En quittant Kinshasa lundi 1er février, ma mémoire résonnait encore des propos de mon éditeur, Mankenda Voka. En plein marbre dimanche 31 janvier, il m’a fait cette recommandation : « A Bukavu, il fait très froid. N’oubliez pas votre pardessus. Vous pouvez porter une chemise banche pendant toute une journée sans que son col ne soit sali ». Il a tout simplement oublié que le très mortel phénomène de réchauffement climatique n’épargne pas Bukavu dont les habitants se plaignent des conséquences des effets de serre, dont notamment des fortes chaleurs.
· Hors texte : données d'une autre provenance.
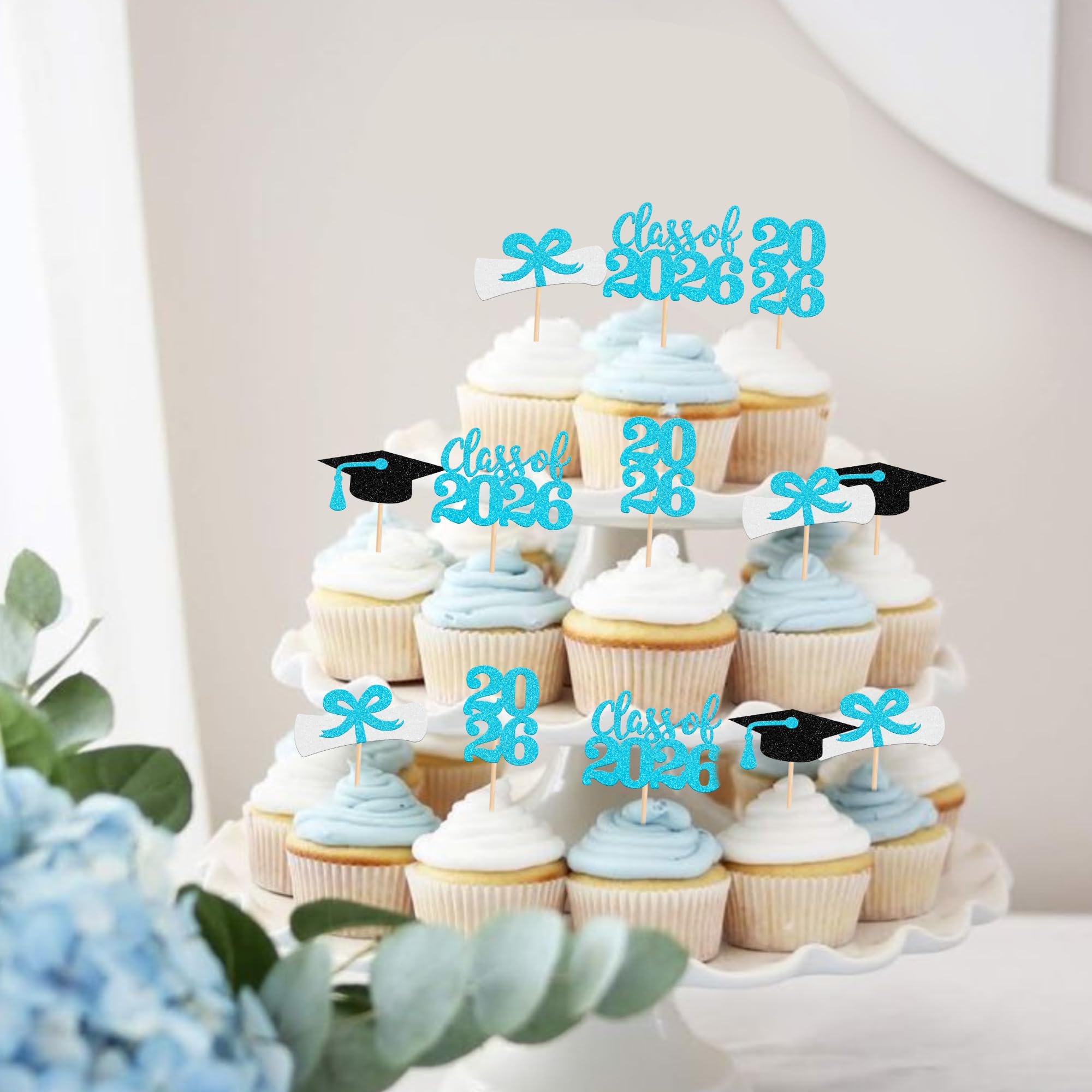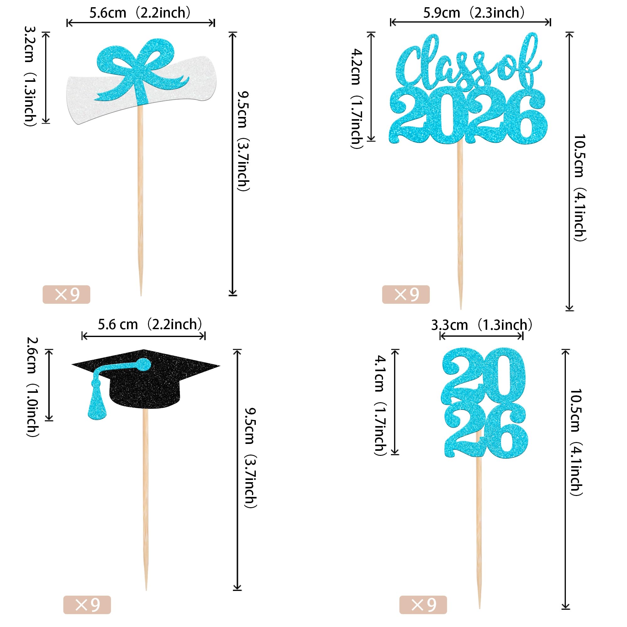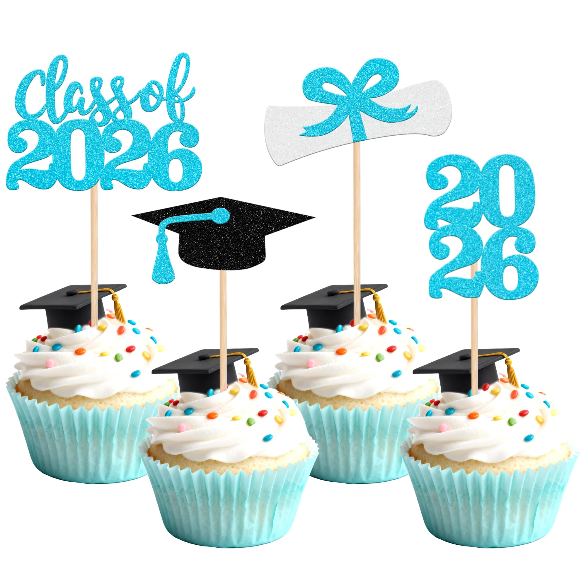Buy with Confidence ! Our 2026 graduation cupcake toppers are are intended for decoration only, please do not put them in oven or microwave. Please contact us in case of any problems, we will do all we can to make you satisfied. 2026 Graduation Theme Party Cupcake Toppers Decorations Perfect for 2026 graduation theme party cupcake decorations, such as kindergarten, primary, junior, senior high school, college, Master or Ph.D. graduation . Pack of 36 pcs, 9 pcs of each color. The size is 2.2*3.7/ 2.3*4.1/ 2.2*3.7/ 1.3*4.1 inch ( with stick ) Made of high quality glitter paper card stock and food grade sticks,thick and sturdy. These 2026 graduation cupcake toppers are single glitter, the back is white, and they are intended for decoration only, please do not put them in oven or microwave. If the item you received has any defects, please contact us .we will deal with it within 24 hours.

Que nous Kinois, récemment débarqués dans cette ville, après avoir passé un dimanche très caniculaire, n’avons pas remarqué. Il m’arrivait de dormir sous la couverture, sans que je ne suffoque de chaleur !
Bukavu, c’est deux extrêmes : lorsqu’il ne pleut pas pendant plusieurs jours ou pendant la saison sèche, la poussière est telle que tout Bukavu et ses environs sont sales, tout poussiéreux : habitants, véhicules, motos, toits des maisons portent cet habit sale. Les pluies, quant à elles, sont porteuses de boue, une boue collante, si collante que les meilleures chaussures made in Italy ne sauraient y faire face.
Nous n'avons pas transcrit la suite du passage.